THE DATA Block Start

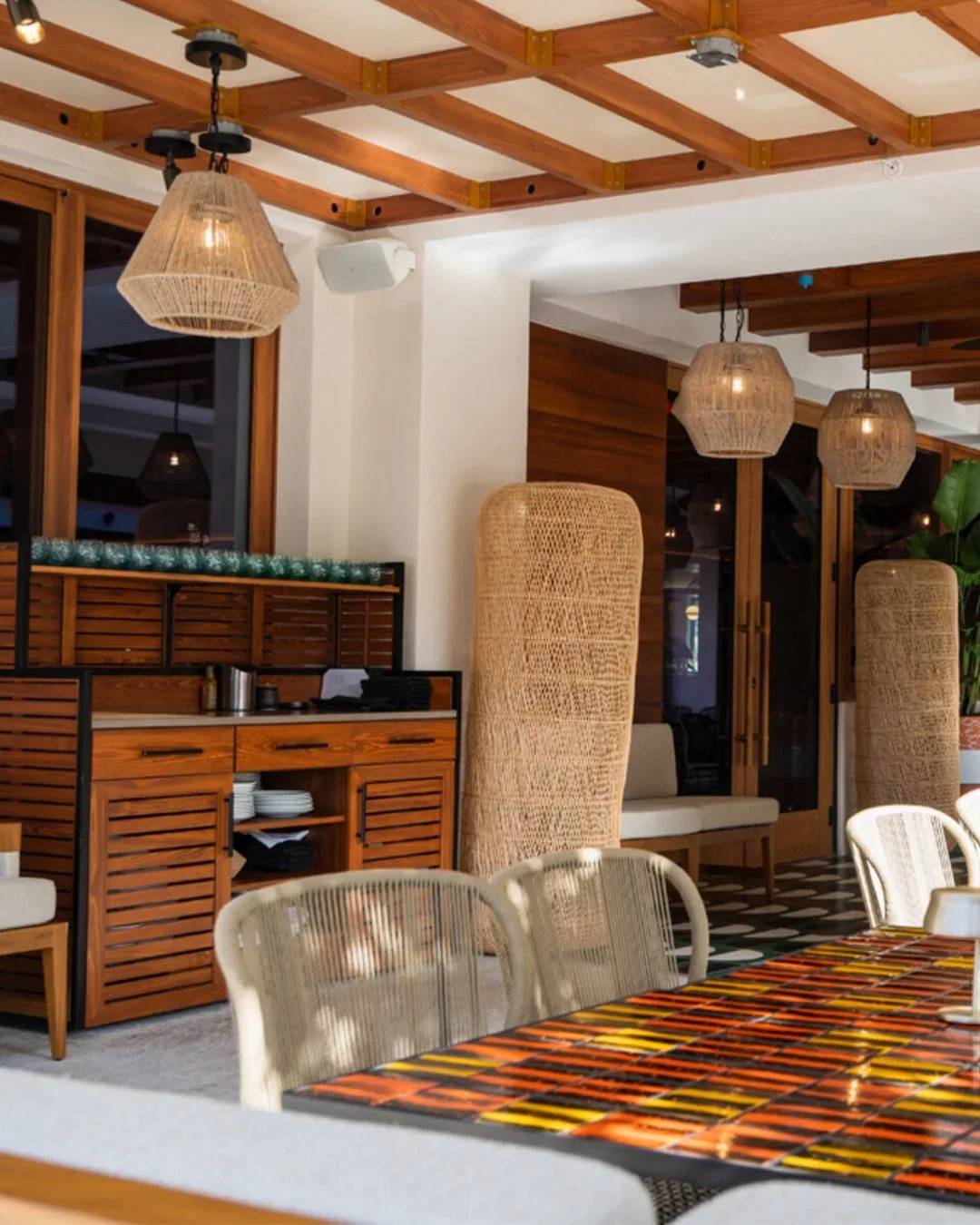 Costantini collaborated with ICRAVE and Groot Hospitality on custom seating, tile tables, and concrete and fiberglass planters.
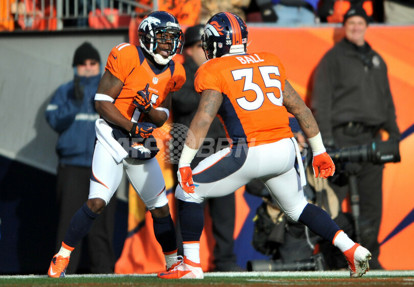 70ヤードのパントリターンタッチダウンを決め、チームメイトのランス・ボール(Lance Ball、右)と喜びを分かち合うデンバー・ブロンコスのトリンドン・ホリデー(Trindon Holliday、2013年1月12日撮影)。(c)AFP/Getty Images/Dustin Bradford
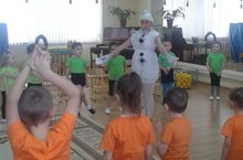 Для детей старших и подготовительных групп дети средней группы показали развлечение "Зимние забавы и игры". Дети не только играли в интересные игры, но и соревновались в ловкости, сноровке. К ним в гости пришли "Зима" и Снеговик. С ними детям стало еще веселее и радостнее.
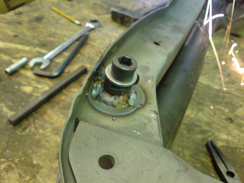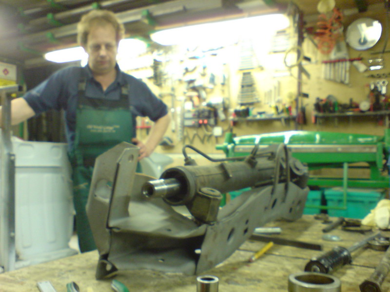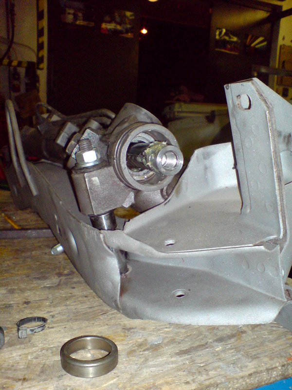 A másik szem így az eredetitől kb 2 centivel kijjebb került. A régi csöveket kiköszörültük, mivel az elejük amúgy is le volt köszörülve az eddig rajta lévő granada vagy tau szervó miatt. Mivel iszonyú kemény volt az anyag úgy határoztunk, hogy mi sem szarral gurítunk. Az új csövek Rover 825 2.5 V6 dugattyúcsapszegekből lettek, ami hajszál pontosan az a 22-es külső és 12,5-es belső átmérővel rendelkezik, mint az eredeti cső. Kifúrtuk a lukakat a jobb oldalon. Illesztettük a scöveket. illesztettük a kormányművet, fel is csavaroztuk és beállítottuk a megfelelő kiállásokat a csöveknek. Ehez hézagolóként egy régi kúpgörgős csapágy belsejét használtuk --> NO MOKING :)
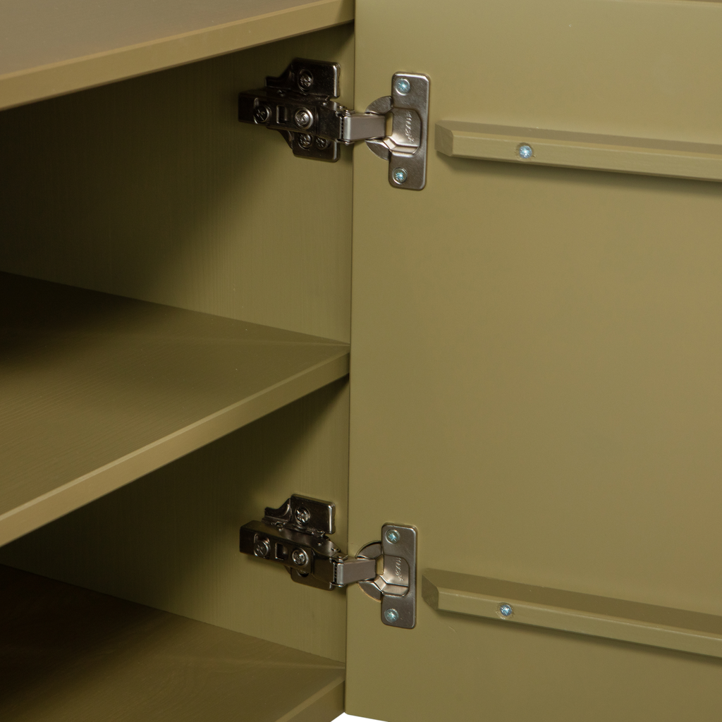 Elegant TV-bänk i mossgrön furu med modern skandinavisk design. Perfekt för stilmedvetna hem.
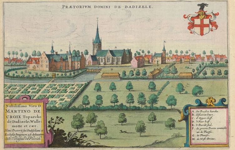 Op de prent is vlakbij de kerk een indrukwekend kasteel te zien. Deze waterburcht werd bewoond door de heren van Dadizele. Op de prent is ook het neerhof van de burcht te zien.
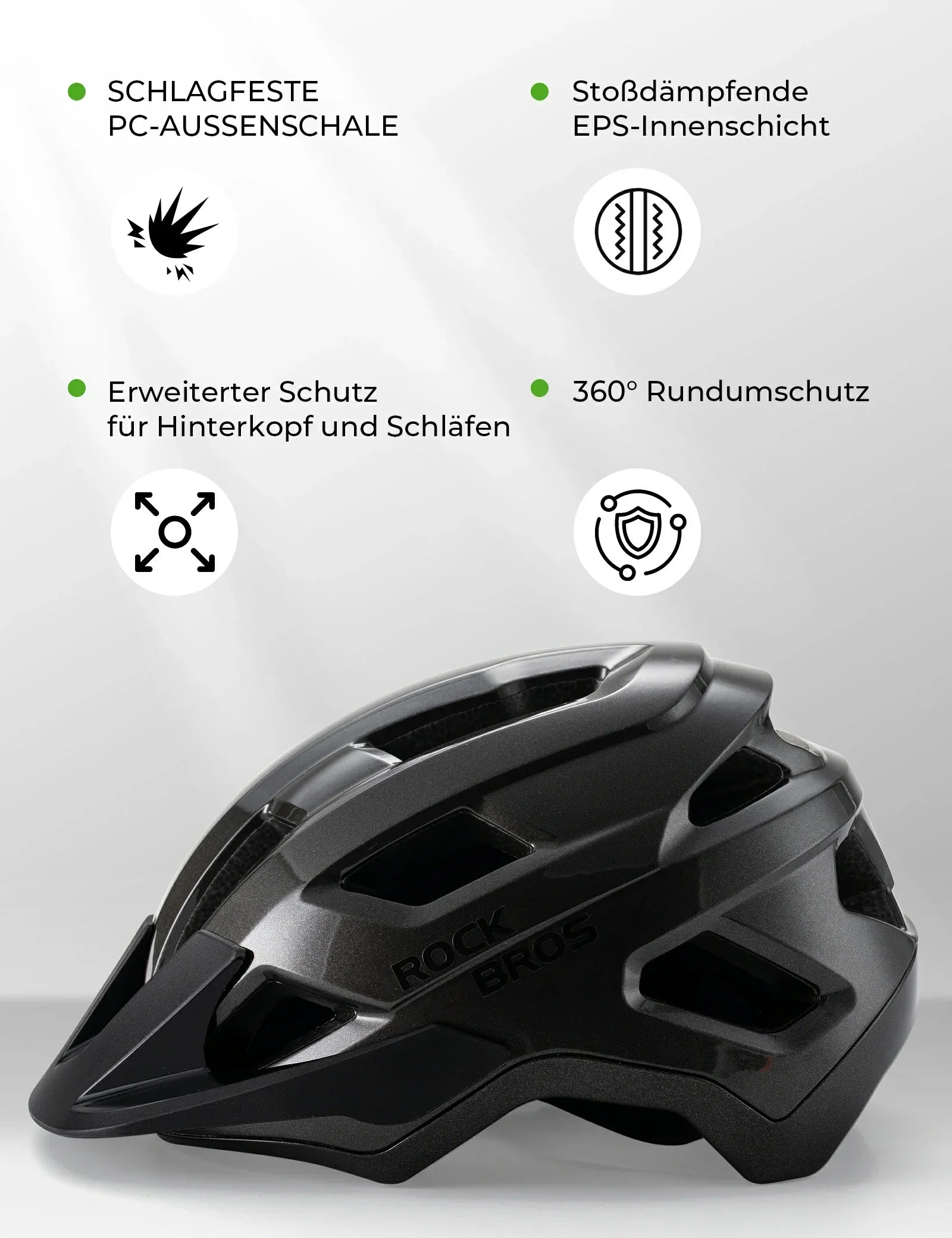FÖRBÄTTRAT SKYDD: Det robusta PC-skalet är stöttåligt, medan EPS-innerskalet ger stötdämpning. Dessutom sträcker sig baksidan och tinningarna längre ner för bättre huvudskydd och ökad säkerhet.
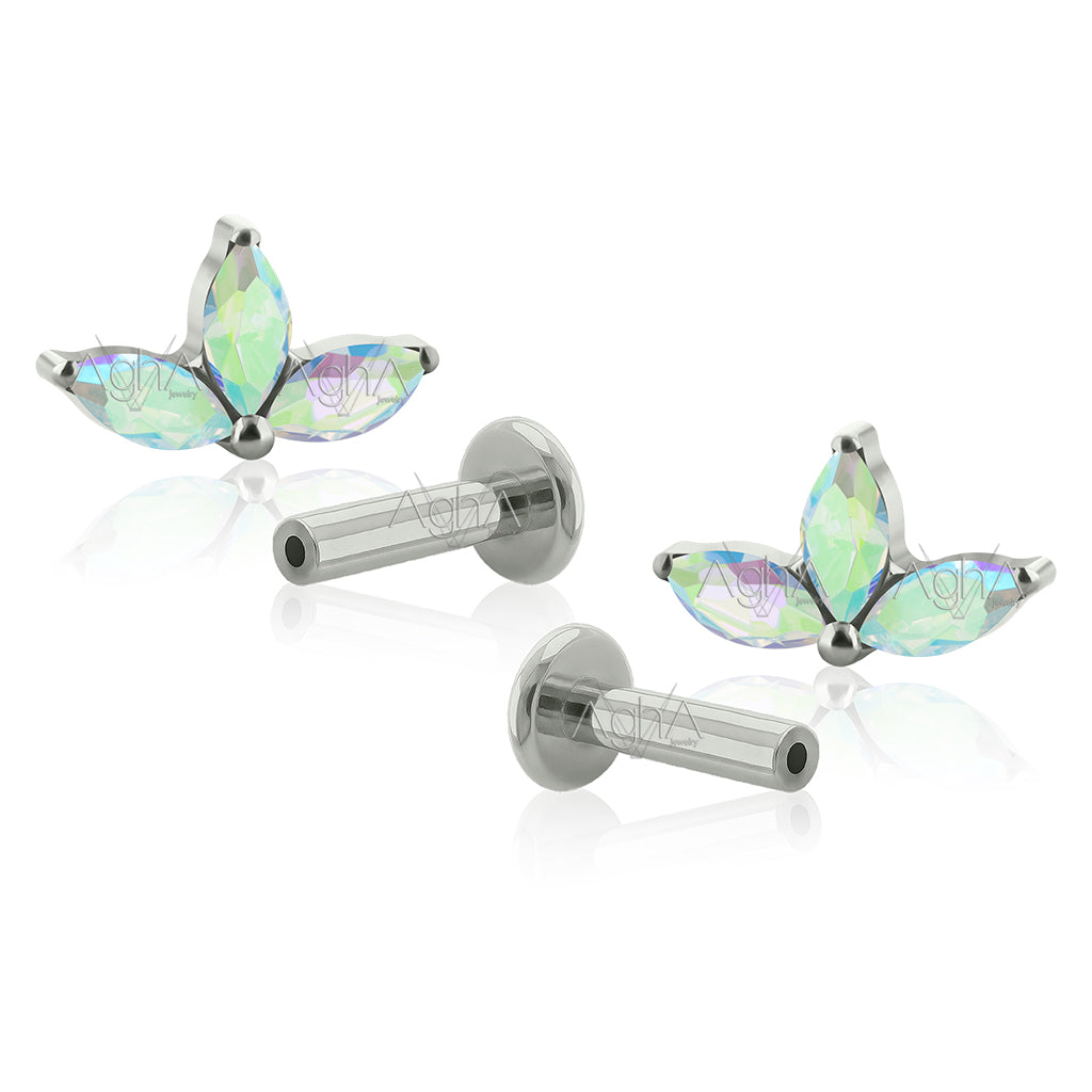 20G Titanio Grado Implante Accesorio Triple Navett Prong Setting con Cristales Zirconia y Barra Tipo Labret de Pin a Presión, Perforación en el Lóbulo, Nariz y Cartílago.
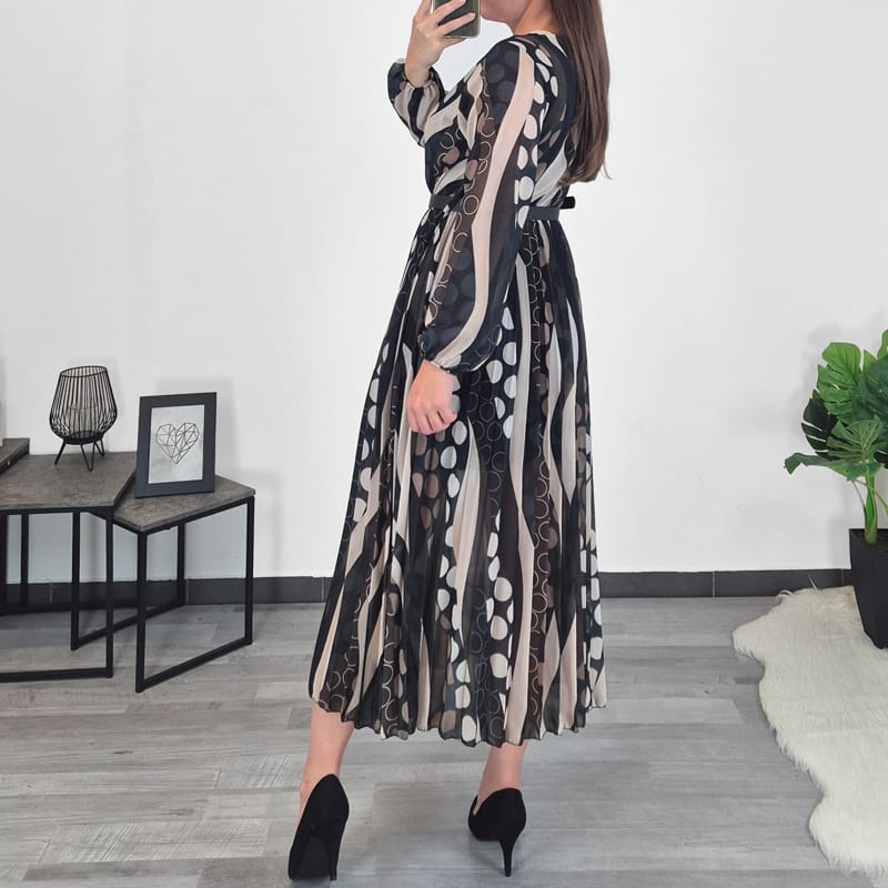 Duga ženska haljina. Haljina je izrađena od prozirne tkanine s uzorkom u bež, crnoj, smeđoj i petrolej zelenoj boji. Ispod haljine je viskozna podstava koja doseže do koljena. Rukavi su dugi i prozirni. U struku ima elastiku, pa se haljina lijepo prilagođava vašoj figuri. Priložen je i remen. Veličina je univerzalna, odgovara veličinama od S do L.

THE DATA Block End

WHAT TO PRODUCE>
Restate, line by line and word for word, everything from the top of the material through the line that contains "Holliday、2013年1月12日撮影)。(c)AFP/Getty Images/Dustin Bradford". Leave pictures out.

YOUR SOLUTION>
 Costantini collaborated with ICRAVE and Groot Hospitality on custom seating, tile tables, and concrete and fiberglass planters.
 70ヤードのパントリターンタッチダウンを決め、チームメイトのランス・ボール(Lance Ball、右)と喜びを分かち合うデンバー・ブロンコスのトリンドン・ホリデー(Trindon Holliday、2013年1月12日撮影)。(c)AFP/Getty Images/Dustin Bradford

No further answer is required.